Not all diseases burn out, of course. HIV spread for years before it was even recognized and has now killed some 36 million people. Luckily, it’s quite hard to catch.
The same is true of the highly pathogenic H5N1 avian flu. It has a case-fatality rate of about 60% — still not enough to kill us all off — but only a few hundred cases have been recorded since the bug was first recognized.
“The major worry for scientists,” Wortmann said, “is that a deadly virus, such as Ebola, would mutate to become more contagious, and then spread internationally through air travel.”
“As there are few effective treatments for viral infections, this would represent a global challenge,” he added.

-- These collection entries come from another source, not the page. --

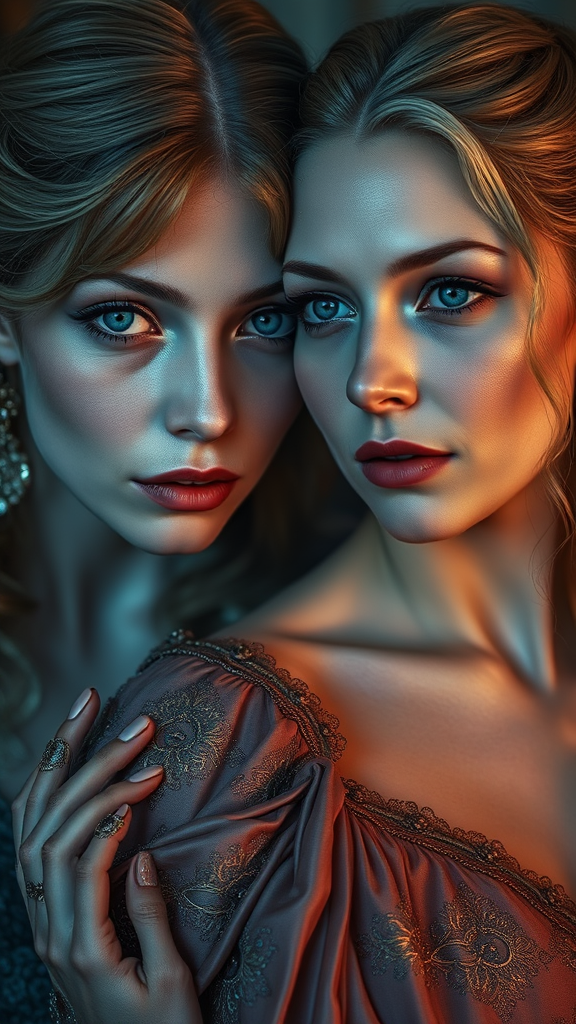 Elizabeth Olsen and Bryce Dallas Howard as Persephone in Greek mythology, captivating stunning eyes, pastel hues, intricate and elaborate gown, embodying a character with symmetry and grace, full-bodied portrayal, with exceptional detail, cinematic lighting, high contrast; an Artstation-worthy illustration reminiscent of Apterus style, blending portrait and Oil Painting aesthetics.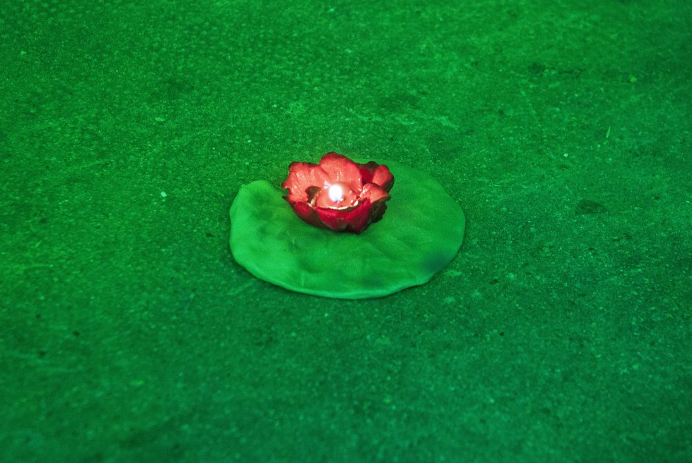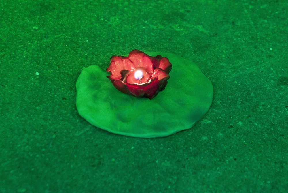 The extreme difference between how these elements work in the daytime, as the sun sets, and at night, is the key interest of Un Coucher de Soleil. The bright sun makes the components of the installation seem incredibly odd, strangely placed, almost nonsensical. At the same time, the harsh shadows that fall through the windows and the slits in the landscapes work to great effect. ‘Everything is constantly changing’, the show seems to say. By sunset, things are different again, the throbbing glow of the fluorescents is clearly felt, and at nightfall the candles are lit, floating as if on a lake that reflects the sky above. Cruces’ aim is to create a landscape, an immersive experience. In the final phase we are left with the clubby effect of clashing coloured light (and by now everyone’s a bit drunk, anyway); the effect is slightly trashy but very well mannered. A happy coincidence: from the courtyard outside, where the punters are lounging and a barbecue cooks, one notices the stairway of the Exo building is lit up with pink neons.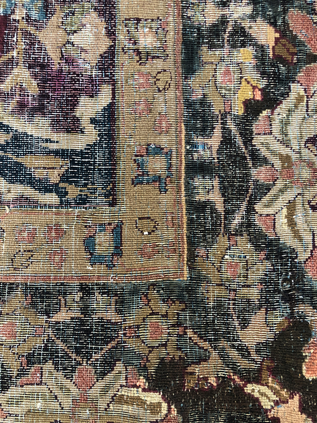 Stato di conservazione. Superficie: 50% (usura, ampie ritessiture del vello)
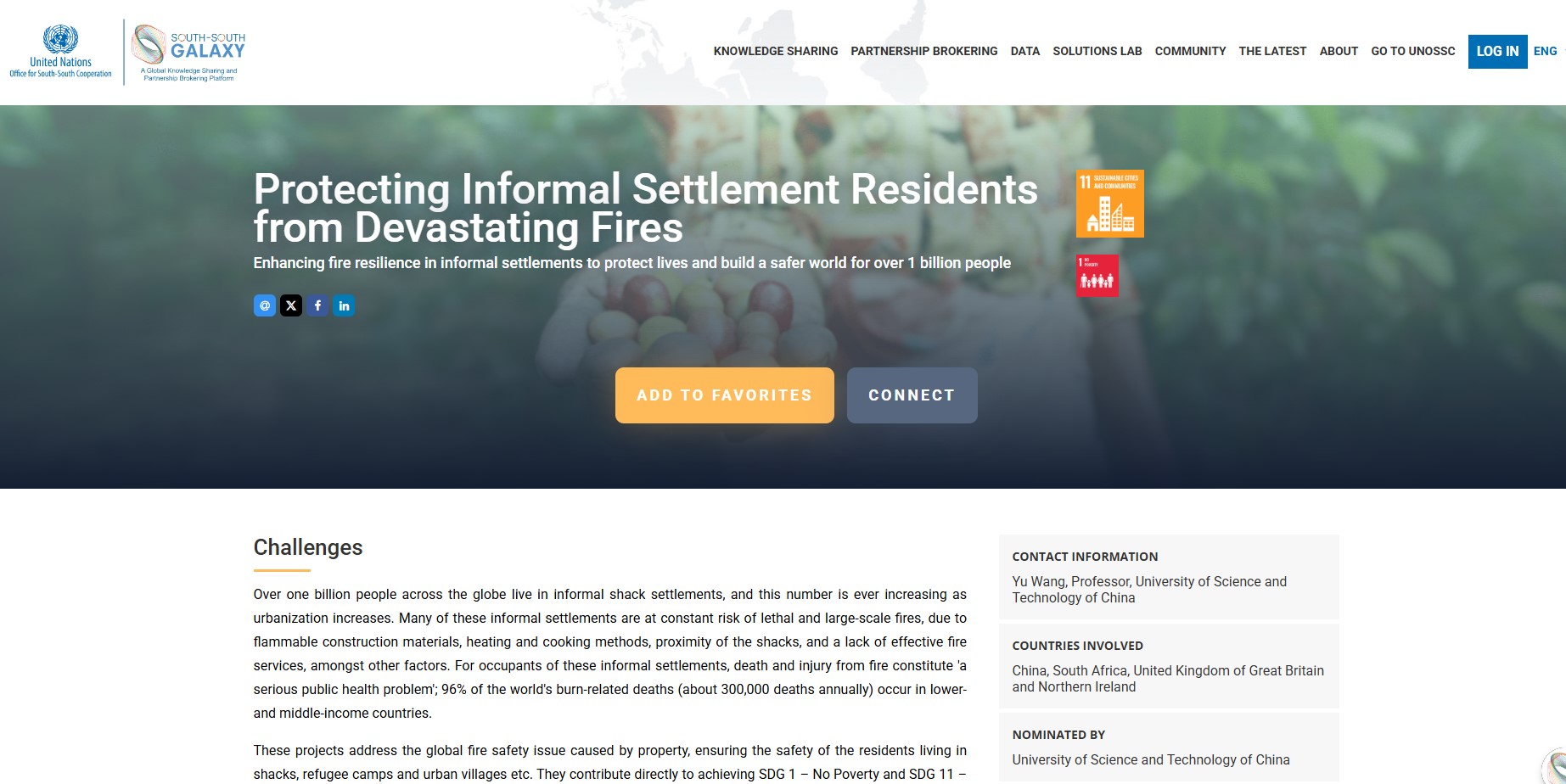 Recently, the fire safety resilience research on informal settlements (such as slums, refugee camps and urban villages, etc.) jointly conducted by the University of Science and Technology of China (USTC), University of Edinburgh (UK) and Stellenbosch University (South Africa) was selected by United Nations Office for South-South Cooperation (UNOSSC) as a Good Practice in South-South and Triangular Cooperation. This research was officially featured as a Solution on South-South Galaxy (UNOSSC’s global knowledge-sharing platform) on the 10th of November. UNOSSC presents Good Practices as great examples of South-South and triangular cooperation that showcase innovative, impactful, and scalable solutions, demonstrating collaborative efforts among countries of the Global South as well as supported through triangular cooperation involving traditional donors, multilateral organizations, and developed countries. This is the first Good Practice and Solution on the keyword of “Fire Safety” by the UNOSSC, and the first time our university's research results have been selected.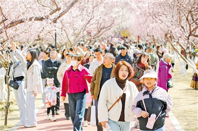 满园的桃花在微风吹拂下,特别好看,散发出阵阵花香。游客徜徉其间,打卡拍照、嬉戏游玩,非常惬意。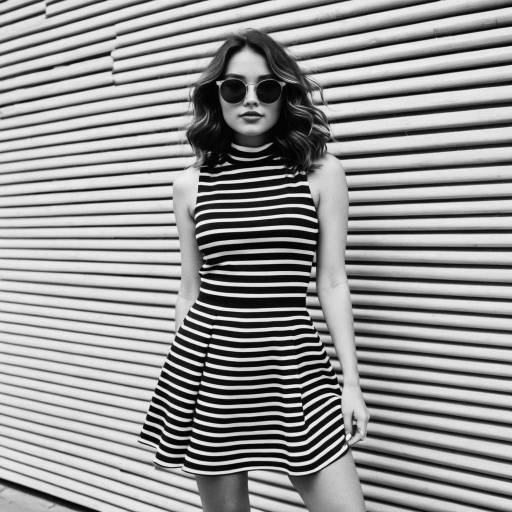 Woman, sporty chic, bodycon tank dress in bold horizontal stripes, neon color scheme with hot pink, electric blue, bright orange, and lime green, scoop neckline, sleeveless, mini-length, large hoop earrings, long straight hair, nighttime cityscape with blurred street lights.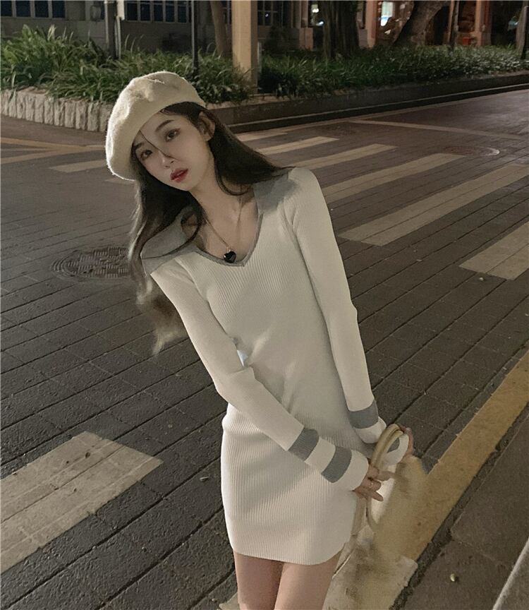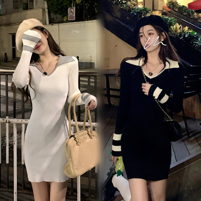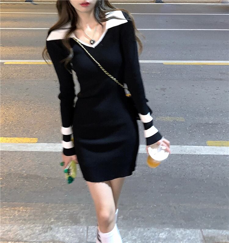 レディース ワンピース ニットワンピ セータードレス ミニ 長袖 Vネック 襟付き 角襟 スリム ボディコンシャス スレンダー リブニット ストレッチ 伸縮性 かわいい きれいめ シンプル 上品 おしゃれ エキゾチック こなれ感 ガーリー エレガント モダン 抜け感 ラブリー キュート 都会的 アメリカン セクシー 色気 シック 可愛い センシュアル 春 秋 デート お出かけ 休日 クラブ 韓国 楽ちん プチプラ 普段使い モテ トレンド フリーサイズ 白 ホワイト 黒 ブラック バイカラー モノトーン

Ebola, now raging in West Africa, is a pathogen with an alarmingly high case-fatality rate but it needs close contact between a victim and another person for infection to take place.
Importantly, it doesn’t spread through droplets in the air, as do the flu and common colds. And in places like the U.S. with a highly developed healthcare system, simple barrier precautions and isolation would prevent a widespread outbreak.
Worst case scenarios involve either an antibiotic-resistant bacterium that kills quickly or a virus that kills more slowly or has a latency period where it can be transmitted but is not debilitating, argued UT Health’s Morano.
In either case, the rate of infection might be fast enough and the rate of death slow enough that the pathogen could spread by common means of transportation, he said.
It would be even worse if the agent was aerosolized and spread by coughing or sneezing so that many people could be infected by a single patient, Morano added.
The White Knight
But what about the heroes of the tale? What about the brave scientists who track down the pathogen and come up with a cure/vaccine/treatment?
Here the experts are more divided.
Loyola’s Reid said: “I think the most fictitious aspect of this is the rapid ‘cure’ that is developed.”
After all, she added, “we still don’t have a vaccine for HIV or hepatitis C or Ebola virus, and our vaccine for influenza has to be updated yearly.”
On the other hand, Beaumont Health System’s Sims said, “technology has come incredibly far in the last decade or so.”
It took years for investigators to identify HIV, come up with a test for it, and develop treatments (although no cure or vaccine so far), Sims noted. But it took only a month or so to realize that SARS was a new disease, and a few weeks more to identify the agent that caused it.
Research on possible treatments was underway when the disease had begun to burn itself out.
“Unfortunately, the scenario of an intrepid doc or scientist coming up with a cure or vaccine in the span of a few weeks or months is highly unlikely, especially if the infectious agent is poorly studied,” Morano commented.
“These things take a great deal of research, time and money — exactly what we’re doing now in medical centers across the globe.”